Faster breeding from using markers in bull selection

For her doctoral dissertation, Research Scientist Nina Schulman from MTT Agrifood Research Finland has identified quantitative trait loci (QTL) affecting milk production, fertility and health traits in Finnish Ayrshire cattle, and evaluated the extent to which the use of QTL information, or marker-assisted selection (MAS), might improve dairy cattle breeding.

GENES STILL IN HIDING

Traditional dairy cattle breeding is founded on production information and other phenotype information collected from animals. The greater the volume of genealogical information available, the more accurate the evaluation that can be made of an animal’s breeding value. Evaluation based on offspring, the progeny test, is an efficient, if slow method of acquiring reliable information on the bull genome. Progeny test information for a young bull is only obtained five years after the onset of semination.

The breeder’s dream is to be able to study animal genes and decide from them directly which individuals are worth selecting as parents of the future generation. Variations in the genomic loci present in the DNA of chromosomes, known as markers, can be employed in the monitoring of gene inheritance.

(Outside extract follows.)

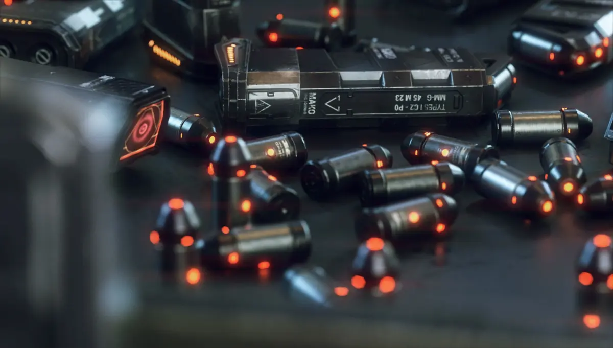 The handgun is animatable to a certain degree. The magazine is really fitting in the handle, the bullets fit in the magazine, the scope and underbarrel element could be detached, the sunblends of the scope are movable as well.FYI you may have to detach some elements in order to gain transform control in case you want to animate something.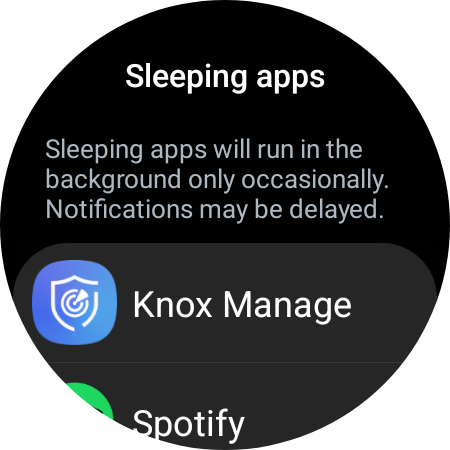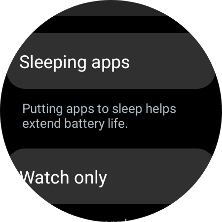 In essence, the Battery menu is almost unchanged. It's the same in One UI Watch 5 as in previous versions, except now it has a list of “Sleeping apps.” This list doesn't offer any user actions but shows you the apps that will run in the background occasionally.

From the available material on 12 parent bulls and their 493 sons, Nina Schulman’s research identified which QTL are connected with particular economically important traits. Twelve different traits were studied: milk yield, protein yield, protein content, fat yield, fat content, somatic cell score (SCS), mastitis treatments, other veterinary treatments, days open, fertility treatments, non-return rate, and calf mortality. Approximately 150 different markers from 29 chromosomes were typed in the whole genome scans performed on Finnish Ayrshire bulls.

MARKERS ACCELERATE BREEDING

A total of fourteen QTL affecting milk production were detected. Research results included interesting QTL affecting protein and fat yield, and mastitis and fertility.

The second part of the dissertation centred on investigation of the use of genetic markers in the breeding scheme. Research simulated how the selection of animals on the basis of genetic markers would have succeeded in comparison to selection based on the traditional evaluation.

In simulating marker-assisted selection Schulman observed that genetic response was faster with MAS than with traditional selection.

The results of the simulation study demonstrate that marker-assisted selection, combined with embryo transfer, offers a viable alternative to conventional selection by increasing genetic response. In this way young bulls can be preselected within families on the basis of marker information, employing evaluation using offspring information only for the best animals.